__Task objective__: Output the data below exactly, images excluded.

__Data shown__:
::::::::
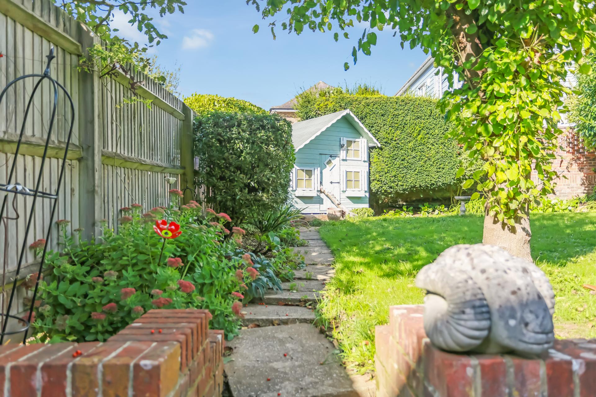 A wonderful rear garden offers a patio space perfect for family BBQs and a sizeable lawn with borders, a shed, and a charming playhouse. The property has been adapted to include a handy EV charging port.
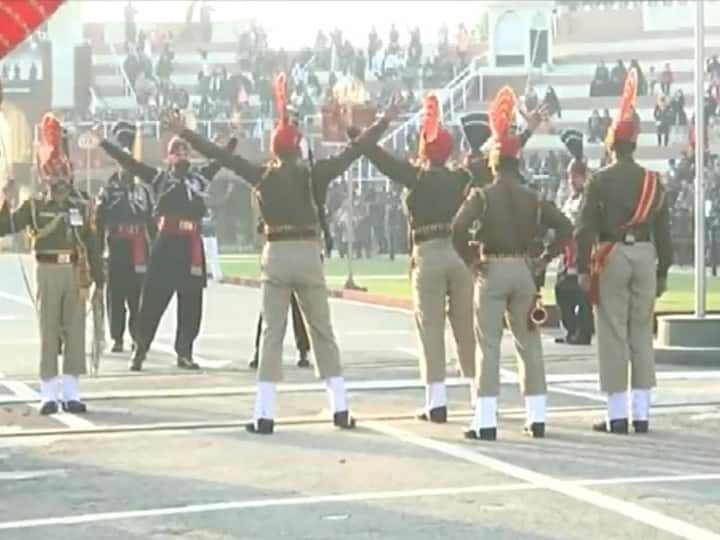 <p dir="ltr" lang="en"><a href="https://twitter.com/hashtag/WATCH?src=hash&ref_src=twsrc%5Etfw">#WATCH</a> Beating Retreat ceremony at the Attari-Wagah border near Amritsar, Punjab on <a href="https://twitter.com/hashtag/RepublicDay?src=hash&ref_src=twsrc%5Etfw">#RepublicDay</a> <a href="https://t.co/EEXxUQWdk9">pic.twitter.com/EEXxUQWdk9</a></p>
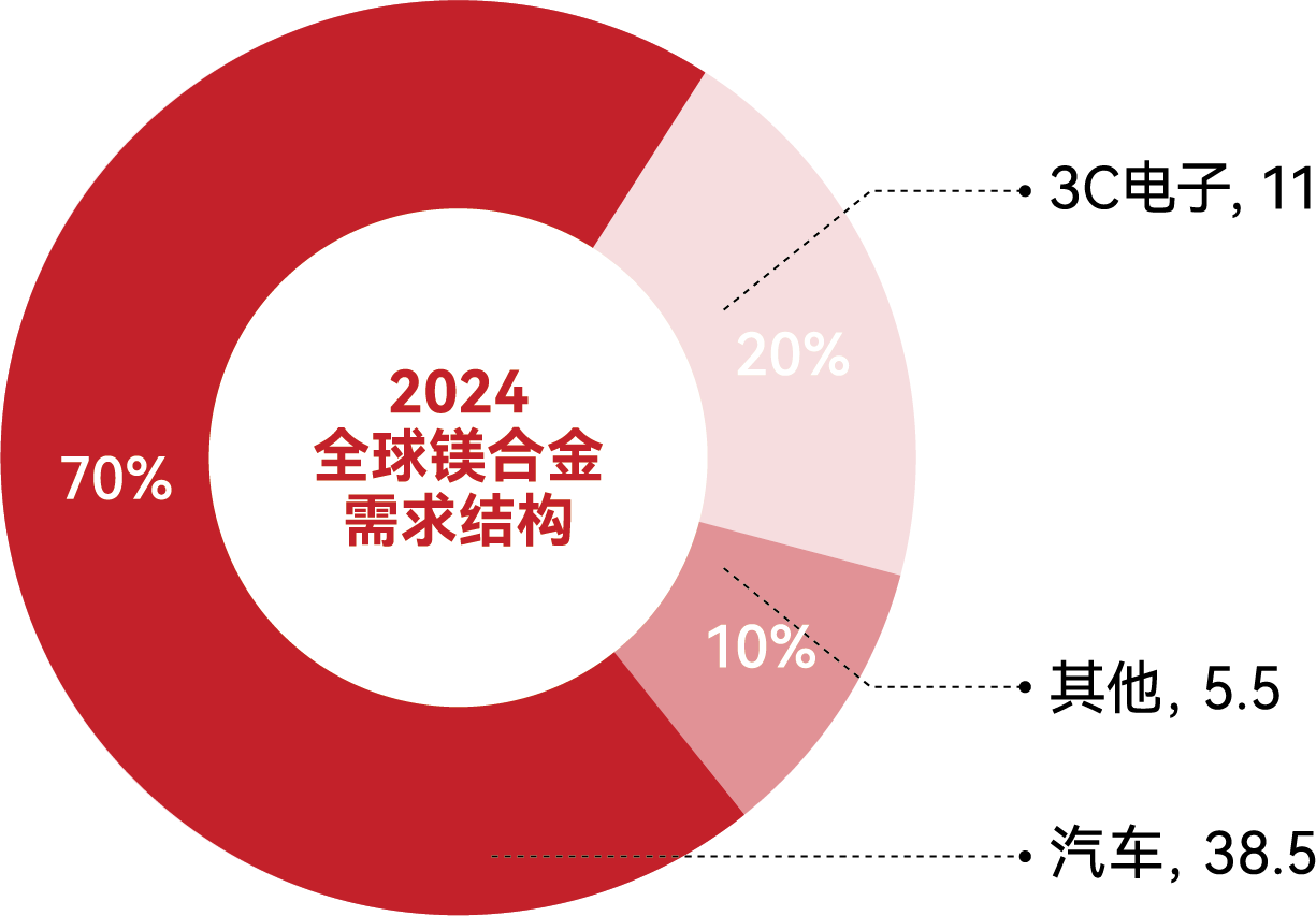 圖:同一變速箱殼體不同工藝的凝固總時長對比 02 顛覆創(chuàng)新,撬動市場機遇 中國是全球最大的新能源汽車生產(chǎn)國。2023年,中國新能源汽車產(chǎn)量達958.7萬輛,占全球60%以上份額,2024年進一步攀升至1316.8萬輛,同比增幅高達38.7%,這一爆發(fā)式增長直接拉動了對輕量化材料的結(jié)構(gòu)性需求。鎂合金憑借高比強度、電磁屏蔽和阻尼減震等復合優(yōu)勢,成為新能源汽車輕量化材料的不二選擇。 據(jù)統(tǒng)計,全球汽車行業(yè)對鎂的需求約為38.5萬噸,占鎂合金總消費市場的70%,覆蓋10大系統(tǒng)、100余種零部件。
::::::::
__Answer for the task__:
 A wonderful rear garden offers a patio space perfect for family BBQs and a sizeable lawn with borders, a shed, and a charming playhouse. The property has been adapted to include a handy EV charging port.
 <p dir="ltr" lang="en"><a href="https://twitter.com/hashtag/WATCH?src=hash&ref_src=twsrc%5Etfw">#WATCH</a> Beating Retreat ceremony at the Attari-Wagah border near Amritsar, Punjab on <a href="https://twitter.com/hashtag/RepublicDay?src=hash&ref_src=twsrc%5Etfw">#RepublicDay</a> <a href="https://t.co/EEXxUQWdk9">pic.twitter.com/EEXxUQWdk9</a></p>
 圖:同一變速箱殼體不同工藝的凝固總時長對比 02 顛覆創(chuàng)新,撬動市場機遇 中國是全球最大的新能源汽車生產(chǎn)國。2023年,中國新能源汽車產(chǎn)量達958.7萬輛,占全球60%以上份額,2024年進一步攀升至1316.8萬輛,同比增幅高達38.7%,這一爆發(fā)式增長直接拉動了對輕量化材料的結(jié)構(gòu)性需求。鎂合金憑借高比強度、電磁屏蔽和阻尼減震等復合優(yōu)勢,成為新能源汽車輕量化材料的不二選擇。 據(jù)統(tǒng)計,全球汽車行業(yè)對鎂的需求約為38.5萬噸,占鎂合金總消費市場的70%,覆蓋10大系統(tǒng)、100余種零部件。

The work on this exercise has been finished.